Photo credit: Concept2

When you see the need for the product itself, and you’re going to use it yourself, that’s just the best way to create a product, Geer added. The same thing happened with the rowing machine. It was born out of a need that you personally recognized, you will use it, you will train on it yourself, you are not doing something just to sell.

  • We were going to sell it because we want to share it, but this is an interesting thing about our products. They arise from our own passion and recognized need, added Braun.

From there, it was a mix of different prototypes and technologies that led Concept2 to their first iteration of the SkiErg, the SkiErg1, released to the public in 2009.

The engineering behind the Erg

A big step in taking the SkiErg1 from prototype to the public was rope technology.

  • I’m not sure it would have been feasible to do something like the SkiErg as it is now before, with strings that were available in the ’80s and ’90s, Braun explained.
  • In the 2000s, a new string material was availablee, and it allowed us to have a car that could last a long time. Customers would not replace cables every two months.
  • When we found out that, we realized the [SkiErg] it was something that could actually work, he added.

The first version of the SkiErg only allowed double-poling in Nordic skiing terms, which meant you had to pull both handles at the same time. The SkiErg2 allows single-poling, which means you can use both hands independently.

The SkiErg and CrossFit

It’s very rare that there’s a new type of fitness equipment coming to the cardio market, said David Hart, of Concept2. You can look at something like indoor bikes and air bikes and see how they’ve evolved over time, but it’s pretty rare to come up with a practically new category of equipment.

Still, Geer says adoption of the SkiErg has been similar to that of the rowing machine.

  • We invented them for rowers to train with, and next thing we knew, it was just spreading. It was great exercise, it was full body, and it had this amazing tracking system.
  • For CrossFit in particular, He continued, Do you really want to accurately measure and track your work and reps and how many calories. [The SkiErg] it was a fix for that, just like the rowing machine was.

Another reason many gyms like it, Hart said, [is that] you can put it flat against the wall, it takes up little space. As a Concept2 machine, he added, it’s pretty indestructible, another boon for gym owners.

  • The SkiErg is also one of the few cardio pieces of equipment requiring little adaptation for athletes of all abilities. Athletes can use the single arm machine, focus it on the upper body to accommodate any lower body issues, use it in a wheelchair, and modify the resistance according to their ability.
  • Like Matteo Fraser, the five-time Fittest Man on Earth said: I am so grateful to have a SkiErg right now as I recover from ACL surgery. I’m still able to do a great workout, even if I can’t stand up during the workout.

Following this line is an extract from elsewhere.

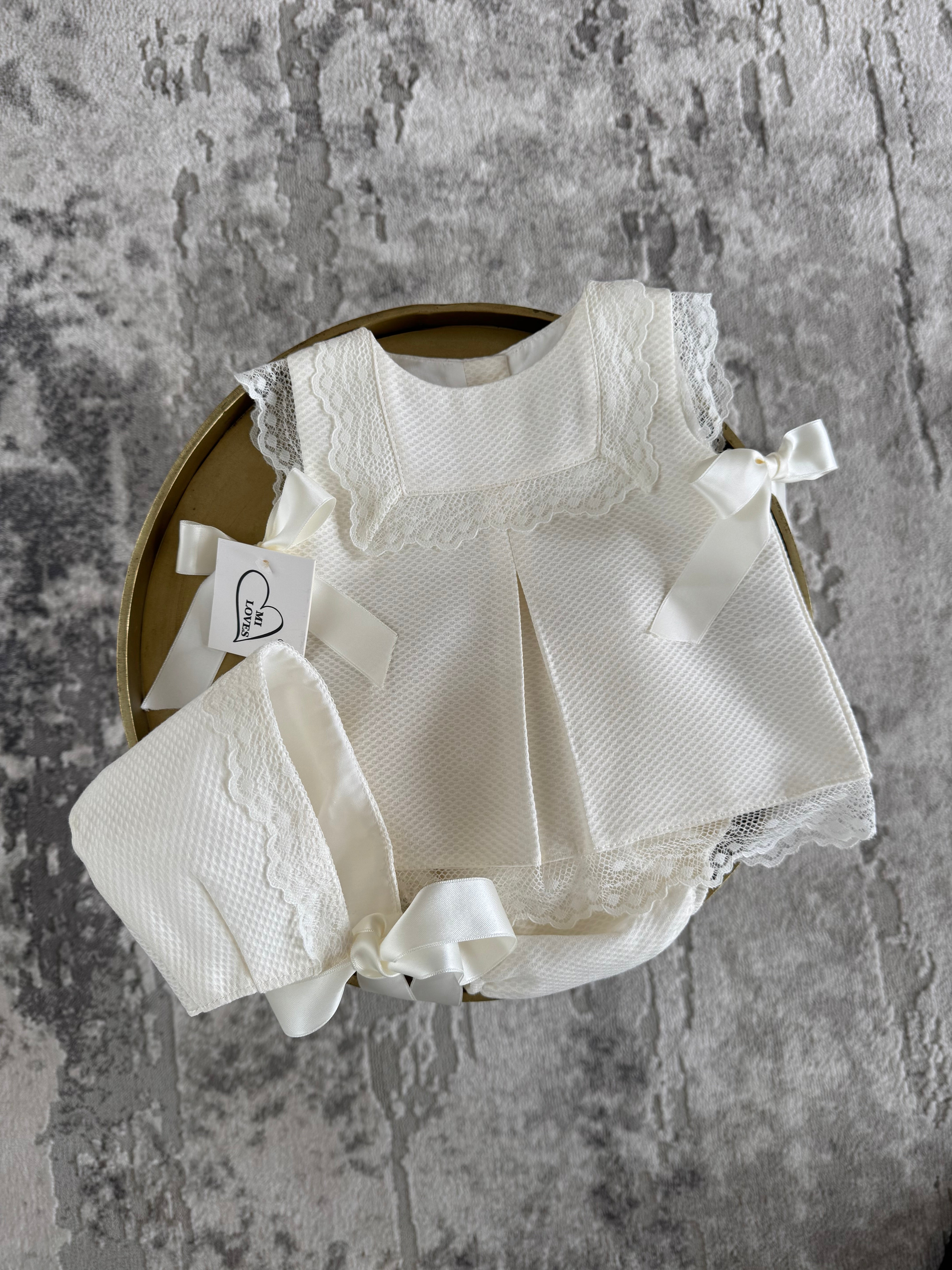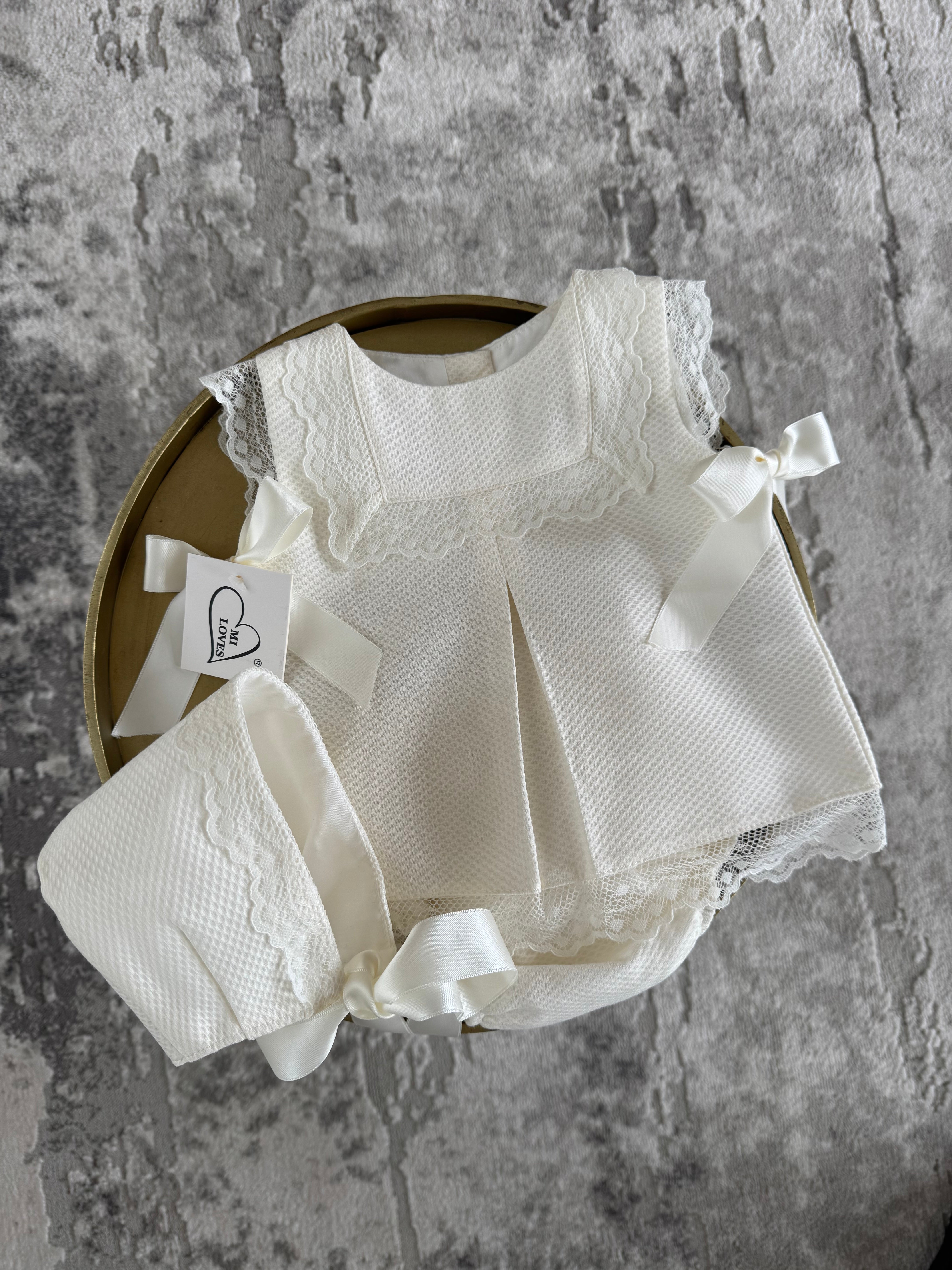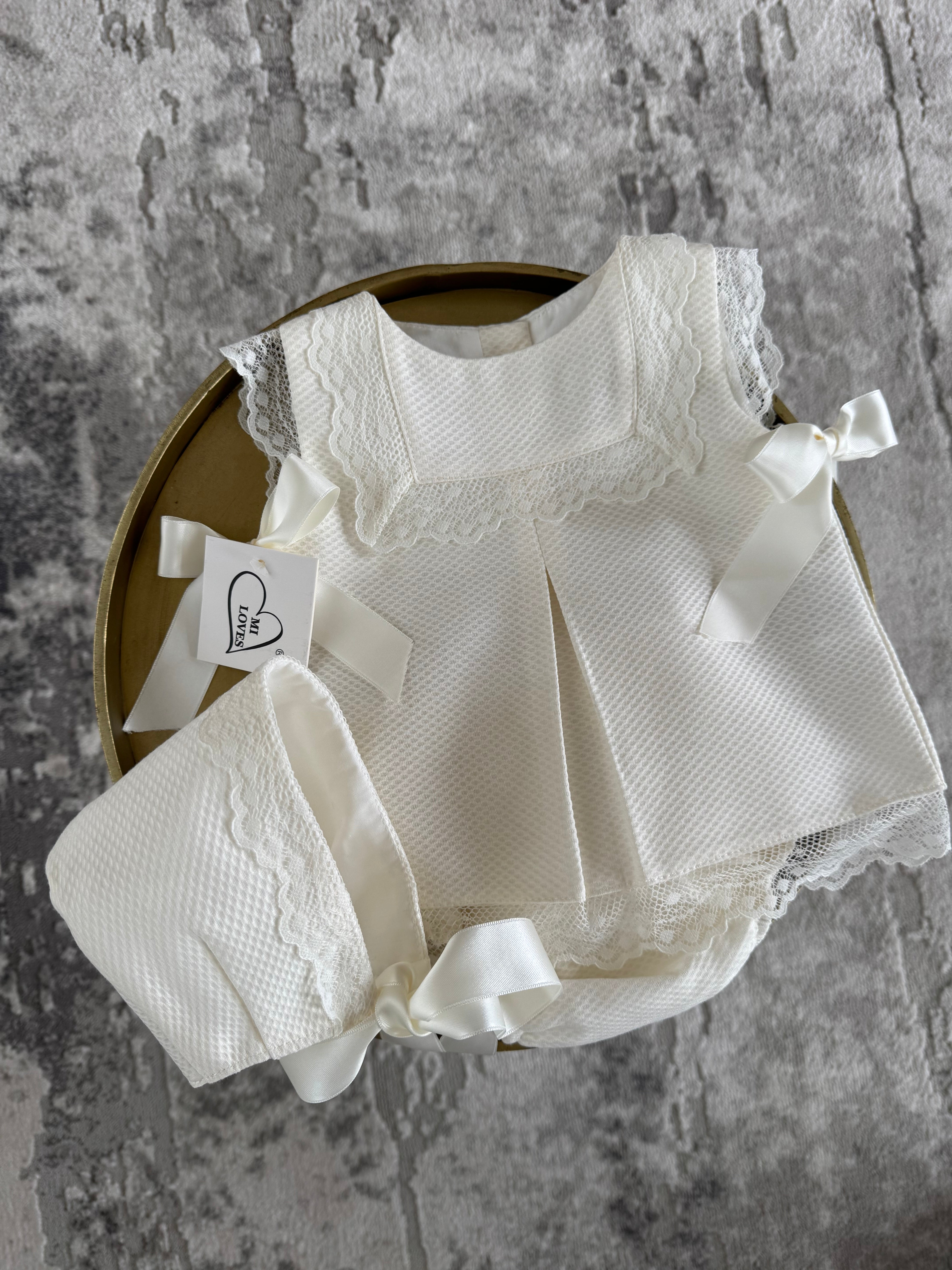 MI LOVES Ivory Dress/Bonnet/Bloomers 3 piece set with beautiful lace details

What is the future of Concept2?

We’re always working on stuff, Braun said. We’ve taken time during the pandemic to step back and work on refining products, and now we’re back to actively working and looking into new products we might want to develop.

Even though they’re working on a new product, Hart points out that it’s not sales that drive the Concept2 team, it’s what makes sense for the market and their team.

  • “We try to incorporate improvements into our products all the time rather than inventing a new model that people feel they have to buy every few years, Braun said.

It’s not to make money Jameson Halnon, who runs events and social media for the team, agrees. It’s how we solve this problem.